Of course, this is still a Proof of Concept, but this validates that a custom differentiation engine is feasible.
Performance
Since XLA is highly optimized and probably uses all kind of performance tricks, I didn't expect much from my naive autograd.
I ran a 500 epochs benchmark on the MLP:
- Sheaf V1 (Python loop + JAX): 1.84 seconds for 500 epochs.
- Sheaf V2 (symbolic autodiff + compiled loop): 0.036 seconds for 500 epochs.

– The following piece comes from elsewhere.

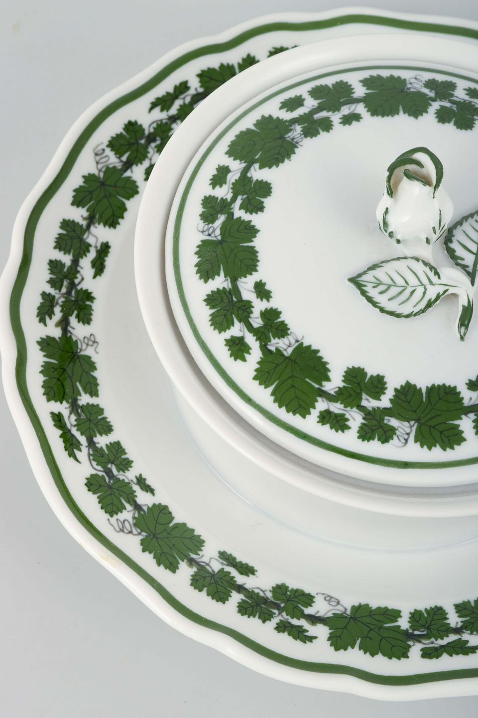 Founded in 1710, Meissen Porcelain was Europe’s first porcelain manufactory and quickly became famous for its unmatched craftsmanship and artistic innovation. Among the factory’s iconic services is the Vine-Leaf Pattern, in German “Voller grüner Weinkranz”, introduced around 1817 by Johann Samuel Arnhold. The decoration with green vine leaves and winding tendrils became one of Meissen’s most popular patterns and continued into the 20th century and beyond. The service reflects Meissen’s fascination with nature’s ornamentation and the precise hand-painted artistry that has made the manufactory a symbol of European porcelain tradition.

In this specific setup, V2 runs 51× faster than the V1 configuration. However, this isn't that surprising as V2 compiles the entire training loop ahead of time, while V1 has a huge dispatch latency as it calls JAX from Python 500 times. But it demonstrates the overhead eliminated by AOT compilation.
Conclusion
This POC validates the approach for simple networks. Having a standalone differentiation engine will allow me to keep the SDK size minimal with no LLVM dependency in the distributed package, and no 80MB autodiff plugin. However, several questions remain open.
-
The current implementation handles standard operations (matmul, activations, element-wise ops) on static shapes. Control flow dependent on runtime values, non-differentiable operations, and custom gradient definitions are not yet supported.
-
I use reverse-mode autodiff, which emits explicit gradient functions for each parameter. The implementation does not yet include gradient checkpointing or recomputation strategies for memory efficiency. Gradients are computed directly from the symbolic AST and emitted as StableHLO. This works for POC scale, but larger models will require checkpointing.
-
Testing on XOR validates correctness but does not demonstrate how the approach scales to deeper architectures. BareGPT (the full Sheaf generative transformer example) will be the real test, and will also allow me to test the sharding with reduce-all, which is my next POC.
The Rust implementation will need to address these constraints as it extends to the full Sheaf feature set.